The number of required electrons are \(3.0 \times {10^{14}}\;{\rm{electrons}}\).

See the step by step solution

Step by Step Solution

Step 1: Understanding the electric charge

Electric charge is a basic property of matter that causes small objects to attract or repel each other. The charge is quantised in nature and the electronic charge is the basic unit of charge.

The net quantity of charge is given as:

\(Q = ne\) … (i)

Here, n is the number of electrons and e is the electronic charge.

Step 2: Given Data

The net charge is, \(Q = - 48\;{\rm{\mu C}}\)

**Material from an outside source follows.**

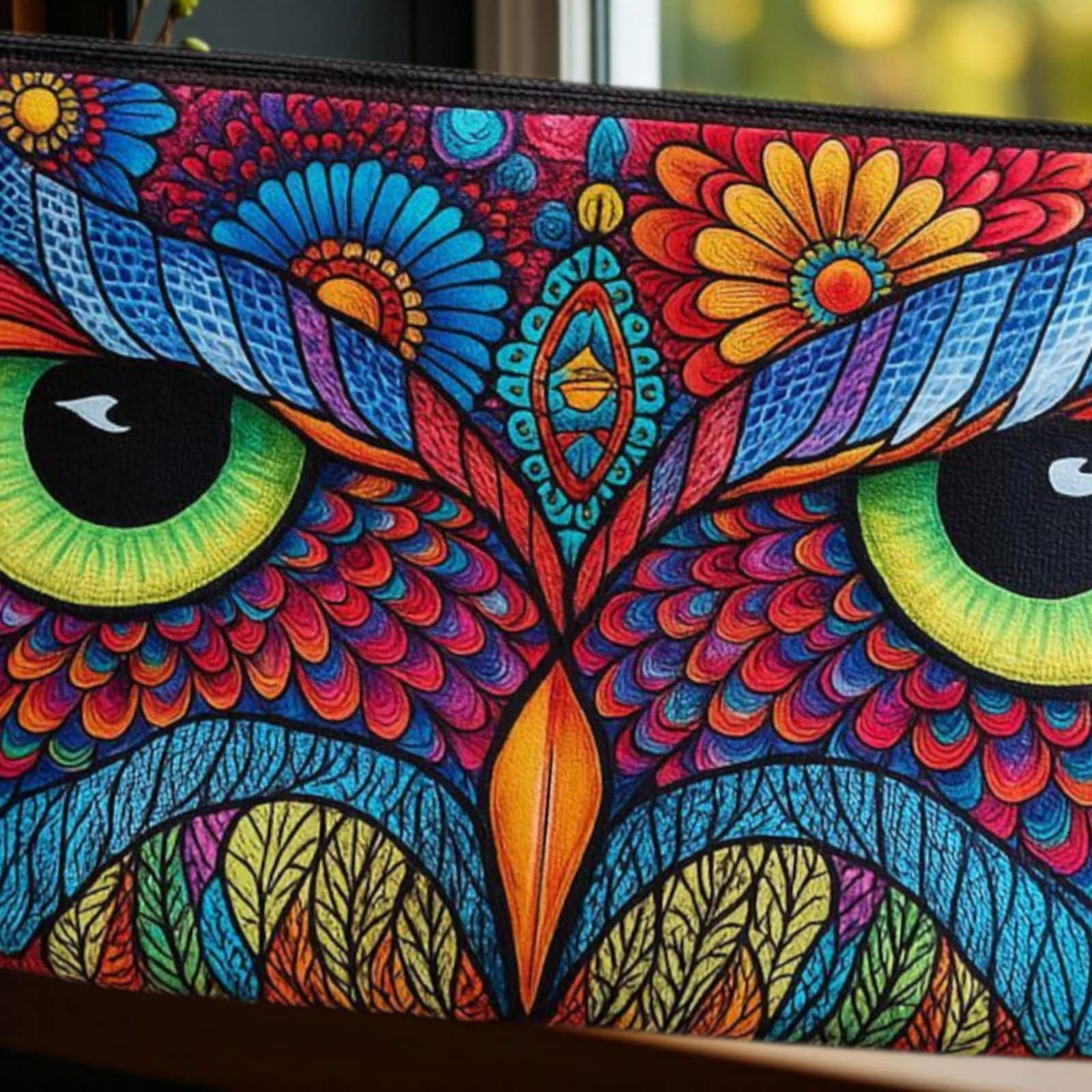 Portofel/ portfard cu imprimeu bufnita colorata din material

Step 3: Determination of the total number of electrons

From equation (i), the number of the electron is given as:

\(n = \frac{Q}{e}\)

Substitute the values in the above expression.

\(\begin{aligned}{c}n = \left( {\frac{{ - 48 \times {{10}^{ - 6}}\;{\rm{C}}}}{{ - 1.6 \times {{10}^{ - 19}}\;{\rm{C}}}}} \right)\\n = 3 \times {10^{14}}\;{\rm{electrons}}\end{aligned}\)

Thus, the number of required electrons are \(3.0 \times {10^{14}}\;{\rm{electrons}}\).